None the less, we left full of admiration, wondering whether we should try to initiate something similar in Docklow, perhaps with Roger and Jean from the King's Head as Prince Charming and Cinderella. Which suggestion should get me a free pint next time I go in there. Well, I could have said the Ugly Sisters.

Bogged down in the Marches

My thanks to all those readers who have taken the trouble to write with the answer to my query last week about the meaning of Marches, as in the Welsh Marches, where we now live. Sue Johnson from Otham in Kent explains that in Scotland "to march with" still means "to border upon". She could therefore say, she adds, that "the Smiths' garden marches with mine on the east side". Which would get her some funny looks from the Smiths, but never mind.
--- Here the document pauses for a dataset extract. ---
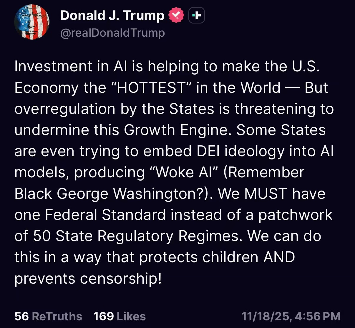 当地时间11月18日,美国总统特朗普在社交平台“真实社交”上发帖称,美国必须为人工智能制定统一的“联邦标准”,防止过度监管。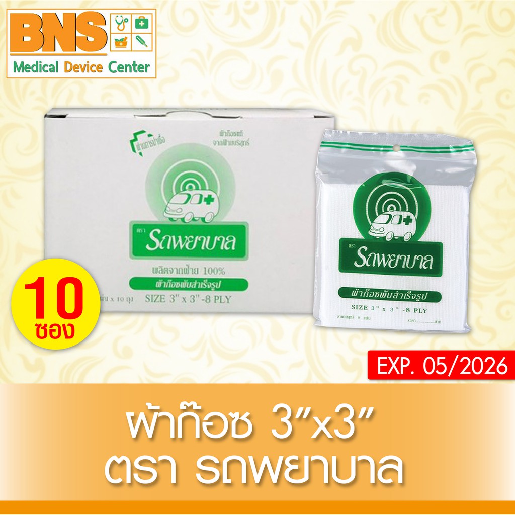 ส่งเร็ว !! ( 1 กล่อง มี 10 ซอง ) รถพยาบาล gauze ผ้าก๊อซ 3x3 นิ้ว (สินค้าขายดี)(ถูกที่สุด)

Incidentally, not least of the pleasures of writing this column is the feedback it elicits. And I am particularly indebted – as Cyril Fletcher used to say on That's Life! – to Doctor Norman Mills, who has e-mailed me to say that he was amused by my recent reference to the topographical feature that is visible from our garden, the splendidly named Lord Hereford's Knob.

"Back in the Sixties," writes Dr Mills, "my late mother was amused to see on a map another feature, which is not far from Lord Hereford's Knob, called Myarth. Perhaps you have no need to worry unless and until you can claim to see both at the same time." Indeed.